Top of Records provided

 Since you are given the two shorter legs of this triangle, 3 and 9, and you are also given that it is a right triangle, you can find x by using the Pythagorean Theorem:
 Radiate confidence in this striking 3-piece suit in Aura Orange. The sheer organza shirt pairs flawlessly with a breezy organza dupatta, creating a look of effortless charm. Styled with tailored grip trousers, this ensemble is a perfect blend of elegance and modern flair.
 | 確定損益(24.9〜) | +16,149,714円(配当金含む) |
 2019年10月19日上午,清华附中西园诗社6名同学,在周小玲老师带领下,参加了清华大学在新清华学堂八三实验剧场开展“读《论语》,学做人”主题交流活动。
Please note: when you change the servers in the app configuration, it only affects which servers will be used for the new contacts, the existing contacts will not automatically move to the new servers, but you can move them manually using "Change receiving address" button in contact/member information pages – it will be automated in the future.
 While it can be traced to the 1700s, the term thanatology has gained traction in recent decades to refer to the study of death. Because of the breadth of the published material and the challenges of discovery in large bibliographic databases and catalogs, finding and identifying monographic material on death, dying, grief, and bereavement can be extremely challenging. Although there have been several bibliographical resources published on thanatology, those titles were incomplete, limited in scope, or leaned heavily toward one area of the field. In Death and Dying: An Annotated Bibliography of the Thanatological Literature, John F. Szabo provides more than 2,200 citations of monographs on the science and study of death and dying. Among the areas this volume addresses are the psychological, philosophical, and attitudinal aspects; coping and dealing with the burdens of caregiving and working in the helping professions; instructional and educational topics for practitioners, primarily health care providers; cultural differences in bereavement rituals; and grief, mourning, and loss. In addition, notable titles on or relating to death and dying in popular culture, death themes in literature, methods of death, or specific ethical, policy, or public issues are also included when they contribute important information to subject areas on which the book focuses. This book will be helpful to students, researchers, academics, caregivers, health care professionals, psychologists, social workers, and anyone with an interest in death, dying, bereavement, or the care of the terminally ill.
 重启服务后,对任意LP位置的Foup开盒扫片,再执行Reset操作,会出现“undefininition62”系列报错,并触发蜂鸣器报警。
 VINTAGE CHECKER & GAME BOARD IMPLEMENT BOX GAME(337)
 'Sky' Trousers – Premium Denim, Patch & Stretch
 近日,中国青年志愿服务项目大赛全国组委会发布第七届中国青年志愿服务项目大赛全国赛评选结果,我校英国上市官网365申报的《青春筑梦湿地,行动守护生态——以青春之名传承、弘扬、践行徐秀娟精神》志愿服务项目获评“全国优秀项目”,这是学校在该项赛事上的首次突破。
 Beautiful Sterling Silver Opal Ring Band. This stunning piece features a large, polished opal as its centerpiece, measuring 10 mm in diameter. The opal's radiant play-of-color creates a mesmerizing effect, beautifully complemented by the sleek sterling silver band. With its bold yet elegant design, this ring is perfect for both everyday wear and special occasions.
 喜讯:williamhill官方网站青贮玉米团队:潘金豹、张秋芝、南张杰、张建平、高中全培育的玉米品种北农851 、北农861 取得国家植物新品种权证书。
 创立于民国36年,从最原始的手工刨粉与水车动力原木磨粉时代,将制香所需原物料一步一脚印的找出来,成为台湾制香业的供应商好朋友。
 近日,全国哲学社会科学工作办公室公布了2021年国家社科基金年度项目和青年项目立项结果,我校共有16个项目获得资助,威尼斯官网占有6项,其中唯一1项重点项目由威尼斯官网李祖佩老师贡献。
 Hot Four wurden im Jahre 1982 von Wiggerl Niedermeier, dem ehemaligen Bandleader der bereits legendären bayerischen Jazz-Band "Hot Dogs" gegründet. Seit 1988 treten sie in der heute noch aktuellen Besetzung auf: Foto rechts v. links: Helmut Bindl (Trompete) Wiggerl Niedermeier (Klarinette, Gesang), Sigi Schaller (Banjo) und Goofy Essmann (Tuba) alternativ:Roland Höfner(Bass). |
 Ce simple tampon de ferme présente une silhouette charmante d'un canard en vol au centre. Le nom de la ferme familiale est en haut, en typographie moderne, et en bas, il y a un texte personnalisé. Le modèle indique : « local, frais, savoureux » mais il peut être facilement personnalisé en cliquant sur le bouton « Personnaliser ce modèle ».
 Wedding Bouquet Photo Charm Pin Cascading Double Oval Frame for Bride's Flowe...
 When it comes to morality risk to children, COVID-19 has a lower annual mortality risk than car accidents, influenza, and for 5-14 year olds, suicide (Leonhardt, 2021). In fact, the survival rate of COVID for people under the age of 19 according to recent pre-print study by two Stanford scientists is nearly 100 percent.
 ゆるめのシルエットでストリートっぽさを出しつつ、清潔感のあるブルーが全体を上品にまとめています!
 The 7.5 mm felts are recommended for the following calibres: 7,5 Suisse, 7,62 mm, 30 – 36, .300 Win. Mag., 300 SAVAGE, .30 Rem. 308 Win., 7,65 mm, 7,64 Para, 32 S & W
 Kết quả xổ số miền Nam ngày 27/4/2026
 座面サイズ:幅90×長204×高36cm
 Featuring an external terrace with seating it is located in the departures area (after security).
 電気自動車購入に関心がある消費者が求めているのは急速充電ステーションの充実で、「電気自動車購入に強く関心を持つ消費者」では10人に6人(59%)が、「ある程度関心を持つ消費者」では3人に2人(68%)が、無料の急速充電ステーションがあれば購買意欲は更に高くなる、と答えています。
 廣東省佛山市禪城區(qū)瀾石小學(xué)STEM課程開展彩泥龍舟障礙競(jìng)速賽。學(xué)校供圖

Bottom of Records provided

Wherever the word "using" appears in the listing above, copy the whole line.

 Since you are given the two shorter legs of this triangle, 3 and 9, and you are also given that it is a right triangle, you can find x by using the Pythagorean Theorem:
Please note: when you change the servers in the app configuration, it only affects which servers will be used for the new contacts, the existing contacts will not automatically move to the new servers, but you can move them manually using "Change receiving address" button in contact/member information pages – it will be automated in the future.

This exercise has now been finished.